EXTRACTED RECORDS -
»»

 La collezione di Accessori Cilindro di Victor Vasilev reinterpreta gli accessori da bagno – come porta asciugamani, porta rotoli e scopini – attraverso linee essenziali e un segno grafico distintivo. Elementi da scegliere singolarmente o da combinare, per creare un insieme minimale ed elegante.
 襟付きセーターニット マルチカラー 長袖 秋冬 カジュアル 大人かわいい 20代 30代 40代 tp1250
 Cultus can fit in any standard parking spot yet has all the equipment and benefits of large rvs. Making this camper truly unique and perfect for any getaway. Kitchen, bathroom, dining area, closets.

««
»»

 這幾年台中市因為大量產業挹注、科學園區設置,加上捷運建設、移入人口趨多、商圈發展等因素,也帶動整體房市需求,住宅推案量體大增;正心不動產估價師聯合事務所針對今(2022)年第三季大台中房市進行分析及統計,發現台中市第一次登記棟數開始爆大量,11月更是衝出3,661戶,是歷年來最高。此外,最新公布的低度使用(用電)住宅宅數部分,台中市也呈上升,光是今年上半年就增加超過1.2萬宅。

««

AIM OF THE TASK -
Look through the data above and return exactly the lines from the one that contains "襟付きセーターニット マルチカラー 長袖" to the one that contains "Cultus can fit", inclusive, with nothing else.

TASK RESPONSE -
 襟付きセーターニット マルチカラー 長袖 秋冬 カジュアル 大人かわいい 20代 30代 40代 tp1250
 Cultus can fit in any standard parking spot yet has all the equipment and benefits of large rvs. Making this camper truly unique and perfect for any getaway. Kitchen, bathroom, dining area, closets.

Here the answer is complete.